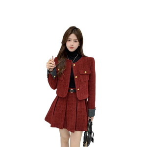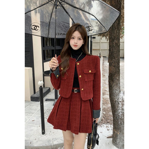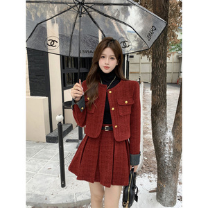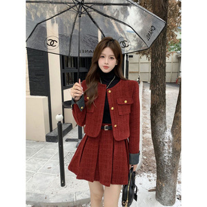 红色小香风套装裙两件套秋冬新款时尚气质名媛外套+百褶裙两件套
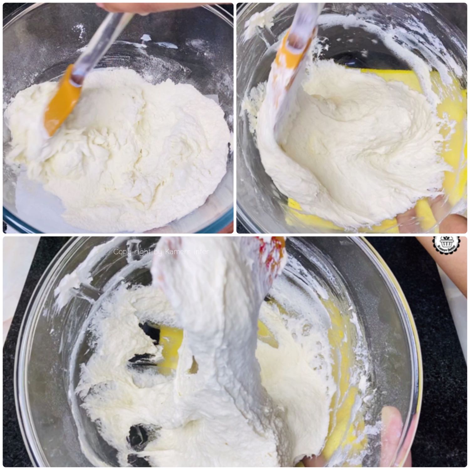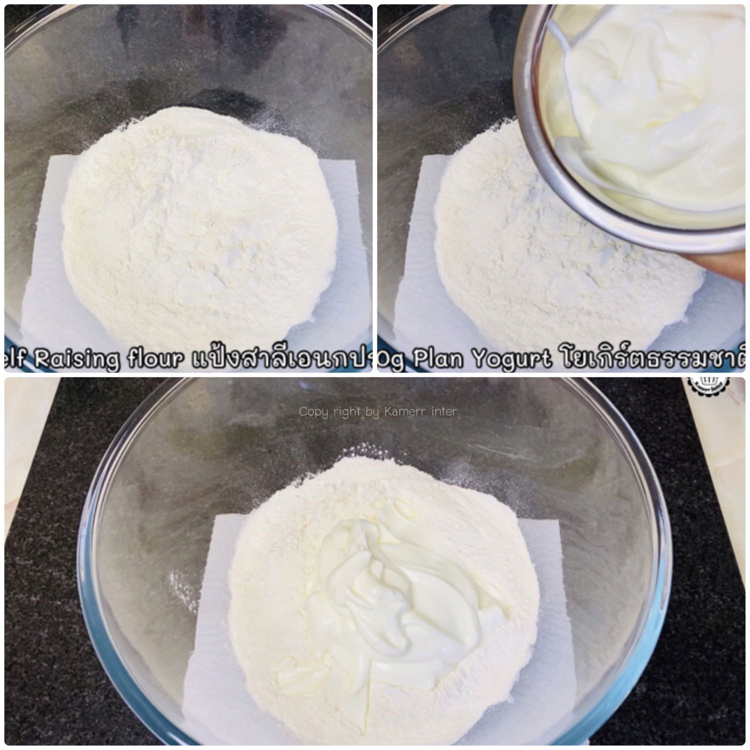 1. เทแป้งลงในชาม ตามด้วยโยเกิร์ตเลย จากนั้นค่อย ๆ คนส่วนผสมทุกอย่างให้เข้ากันดี จนมีความหนืด
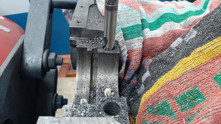 Chwila drapania się po głowie co by tu... W zasadzie mam drugi blok, ale trochę dużo obrabiania. Może jeszcze jakoś ten da się uratować? W sumie, mam zestaw Helicoili, używałem ich już kiedyś, może to nie byłby taki głupi pomysł? Co prawda stopy wału powinny być bardzo solidnie przykręcone, ale co może pójść nie tak? No to działamy. Zakryłem silnik szmatami i odwierciłem stare gwinty.
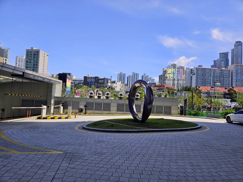 대중교통으로 이동했다면 도착 후 건물을 바라보는 방향을 기준으로 왼쪽으로 이동해야한다. 오른쪽은 시그니엘 호텔 입구, 왼쪽은 엘시티 레지던스 입구이기 때문. 특히 위 사진에 찍힌 조형물을 참고하면 찾기가 더 쉽다.
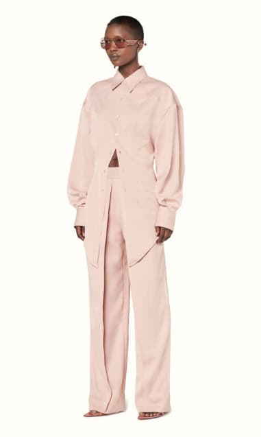 La propuesta de Rihanna también cuenta con piezas que son perfectas para ir a trabajar, en especial si tu puesto requiere de ropa formal. Una de ellas es este saco disponible en los colores camello, blanco y rosa. El detalle fuera de lo ordinario es que viene con una cangurera que puedes usar como cinturón.
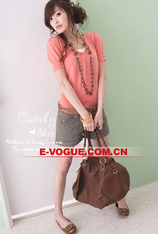 T恤搭卷边短裤简洁又可爱,略带夸张感的木制首饰增添更多韵味与内涵。
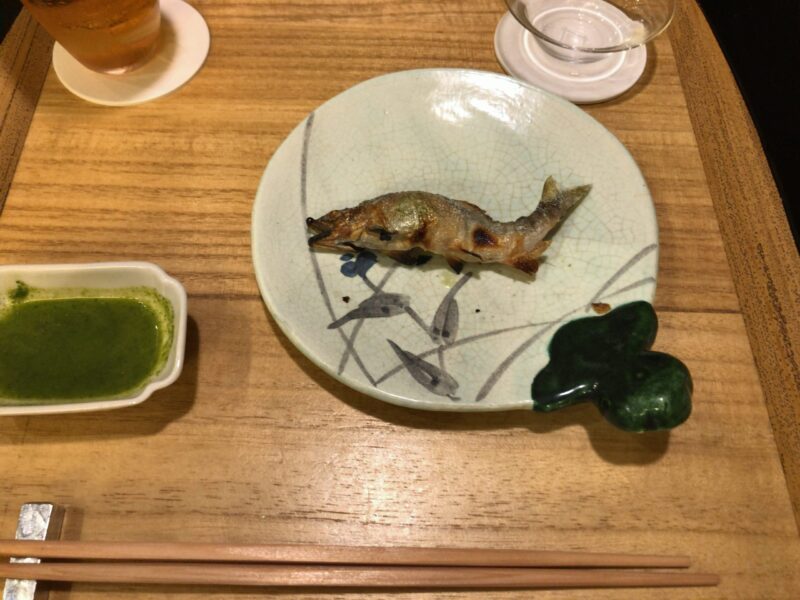 琵琶湖でとれた若鮎は大将が目の前で炭火で焼いてくださいます。
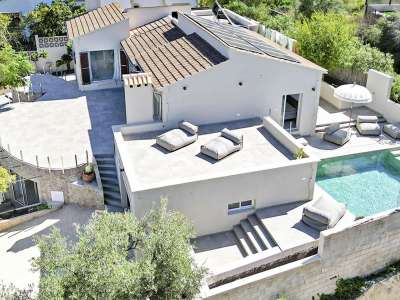 Modernised village house. The front of the house faces north-east, with a south-facing pool terrace and pool. Quiet residential area, only approx. 50 metres from the harbour, beach and promenade.
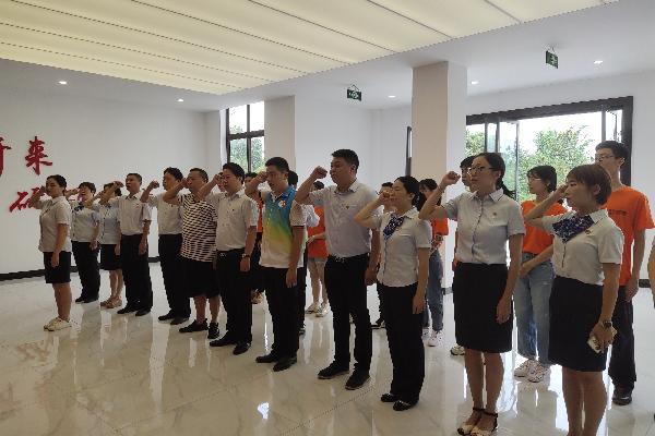 在狮市镇马安村党性教育基地,建行自贡分行的党员们同大学生一道重温入党誓词,不忘初心、牢记使命。大学生们与留守儿童们一起,讲解环保知识、卫生知识等,给村民们普及金融知识,为贫困户、五保户讲解国家政策。
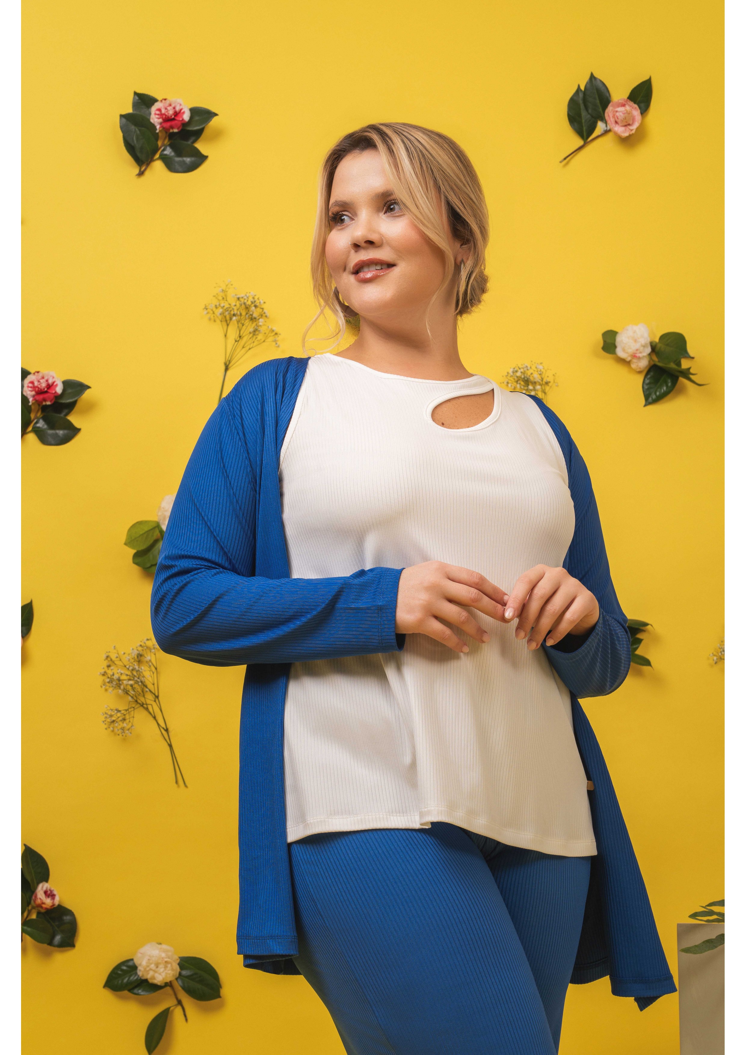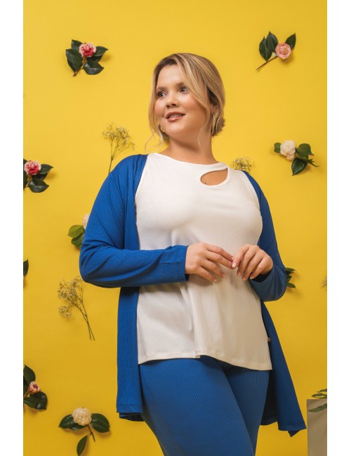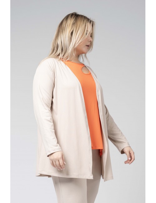 Ribbed knit jacket with scapular. Collection: Spring Summer Available in Plus Sizes Own design and manufacturing product. We are a clothing manufacturing brand with over 50 years of experience Model: Height 1.70m and is wearing size 2XL. Composition: 97% Polyester 3% Elastane
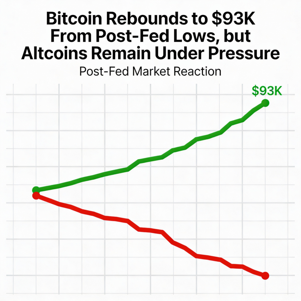 Bitcoin (BTC) rebounded to $93,000 on Thursday after hitting $89,000 following the Federal Reserve’s Wednesday rate cut and a weak U.S. stock open. While selling pressure appears to be easing, analysts caution that the market is not yet fully stabilized.
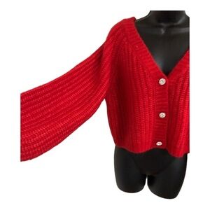 Jeasica Simpson red chunky knit fuzzy bejeweled button v-neck long sleeve cardigan size Medium new
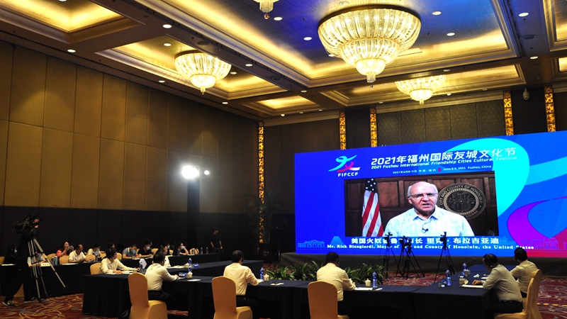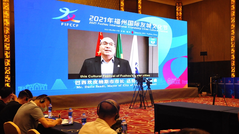 東南網6月8日訊(東南網記者 吳隆重 文/圖)北京時間6月8日,2021年福州國際友城文化節以全球多點連線的方式在福州開幕。福州市市長尤猛軍、副市長杭東等出席活動。
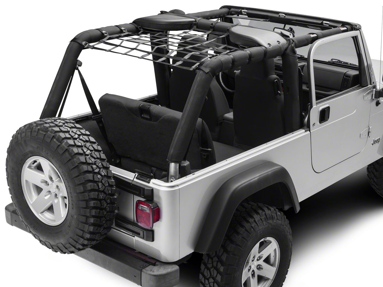 Keep Your Pet Contained. Once of the hardest things about off roading or taking an extended trip in your Jeep is whether or not your pet will stay in place and not topple out. With the RedRock 4x4 Rear Overhead Net System, you will not have to worry about that. The netting is rated up to 1,100 pounds and will contain your pet and cargo for the journey ahead.
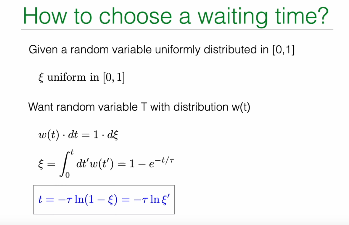 In the lecture notes, the professor used the characteristic time \(\tau=1/\nu\) to express this, writing the formula as \(t=-\tau\ln(\xi)\).
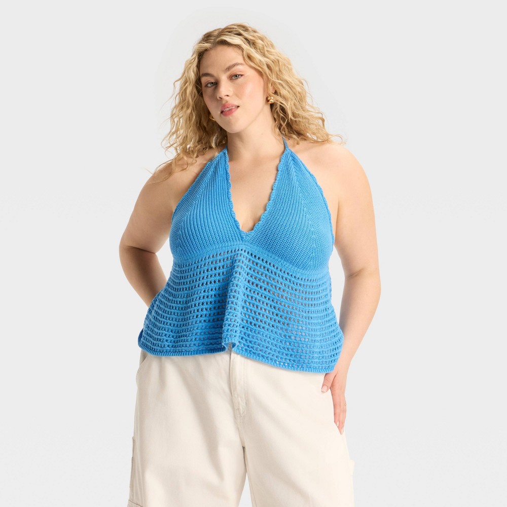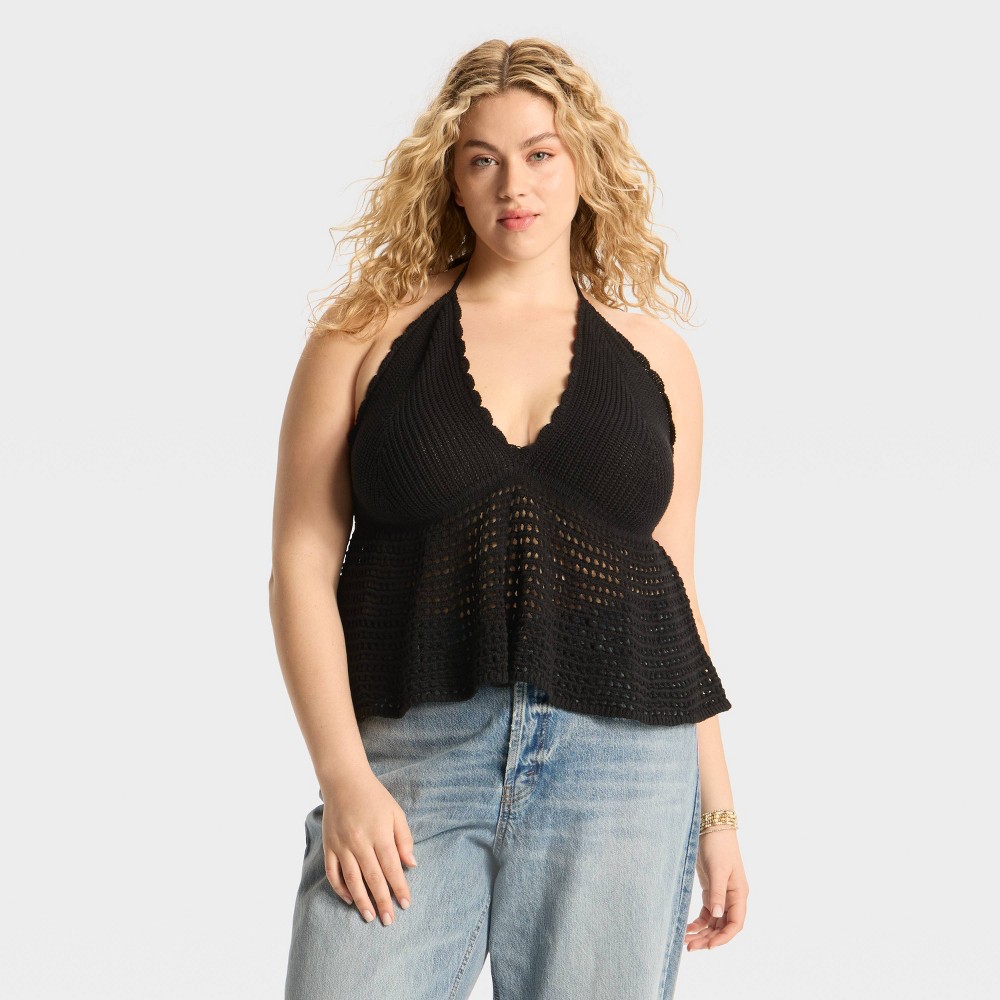 The knit peplum halter sweater from Wild Fable™ features a 100% cotton openwork knit construction and a sleeveless design. The deep V-neckline is adorned with a scalloped trim and the halter-neck design with back tie offers a secure fit. If you're not satisfied with any Target Owned Brand item, return it within one year with a receipt for an exchange or a refund. Wild Fable™: A look for every story.

:::::

> EXERCISE REQUIREMENTS
If an entry contains an image, skip the image and return the rest of the listing unchanged.

> SOLUTION FOR THIS EXERCISE
 红色小香风套装裙两件套秋冬新款时尚气质名媛外套+百褶裙两件套
 1. เทแป้งลงในชาม ตามด้วยโยเกิร์ตเลย จากนั้นค่อย ๆ คนส่วนผสมทุกอย่างให้เข้ากันดี จนมีความหนืด
 Chwila drapania się po głowie co by tu... W zasadzie mam drugi blok, ale trochę dużo obrabiania. Może jeszcze jakoś ten da się uratować? W sumie, mam zestaw Helicoili, używałem ich już kiedyś, może to nie byłby taki głupi pomysł? Co prawda stopy wału powinny być bardzo solidnie przykręcone, ale co może pójść nie tak? No to działamy. Zakryłem silnik szmatami i odwierciłem stare gwinty.
 대중교통으로 이동했다면 도착 후 건물을 바라보는 방향을 기준으로 왼쪽으로 이동해야한다. 오른쪽은 시그니엘 호텔 입구, 왼쪽은 엘시티 레지던스 입구이기 때문. 특히 위 사진에 찍힌 조형물을 참고하면 찾기가 더 쉽다.
 La propuesta de Rihanna también cuenta con piezas que son perfectas para ir a trabajar, en especial si tu puesto requiere de ropa formal. Una de ellas es este saco disponible en los colores camello, blanco y rosa. El detalle fuera de lo ordinario es que viene con una cangurera que puedes usar como cinturón.
 T恤搭卷边短裤简洁又可爱,略带夸张感的木制首饰增添更多韵味与内涵。
 琵琶湖でとれた若鮎は大将が目の前で炭火で焼いてくださいます。
 Modernised village house. The front of the house faces north-east, with a south-facing pool terrace and pool. Quiet residential area, only approx. 50 metres from the harbour, beach and promenade.
 在狮市镇马安村党性教育基地,建行自贡分行的党员们同大学生一道重温入党誓词,不忘初心、牢记使命。大学生们与留守儿童们一起,讲解环保知识、卫生知识等,给村民们普及金融知识,为贫困户、五保户讲解国家政策。
 Ribbed knit jacket with scapular. Collection: Spring Summer Available in Plus Sizes Own design and manufacturing product. We are a clothing manufacturing brand with over 50 years of experience Model: Height 1.70m and is wearing size 2XL. Composition: 97% Polyester 3% Elastane
 Bitcoin (BTC) rebounded to $93,000 on Thursday after hitting $89,000 following the Federal Reserve’s Wednesday rate cut and a weak U.S. stock open. While selling pressure appears to be easing, analysts caution that the market is not yet fully stabilized.
 Jeasica Simpson red chunky knit fuzzy bejeweled button v-neck long sleeve cardigan size Medium new
 東南網6月8日訊(東南網記者 吳隆重 文/圖)北京時間6月8日,2021年福州國際友城文化節以全球多點連線的方式在福州開幕。福州市市長尤猛軍、副市長杭東等出席活動。
 Keep Your Pet Contained. Once of the hardest things about off roading or taking an extended trip in your Jeep is whether or not your pet will stay in place and not topple out. With the RedRock 4x4 Rear Overhead Net System, you will not have to worry about that. The netting is rated up to 1,100 pounds and will contain your pet and cargo for the journey ahead.
 In the lecture notes, the professor used the characteristic time \(\tau=1/\nu\) to express this, writing the formula as \(t=-\tau\ln(\xi)\).
 The knit peplum halter sweater from Wild Fable™ features a 100% cotton openwork knit construction and a sleeveless design. The deep V-neckline is adorned with a scalloped trim and the halter-neck design with back tie offers a secure fit. If you're not satisfied with any Target Owned Brand item, return it within one year with a receipt for an exchange or a refund. Wild Fable™: A look for every story.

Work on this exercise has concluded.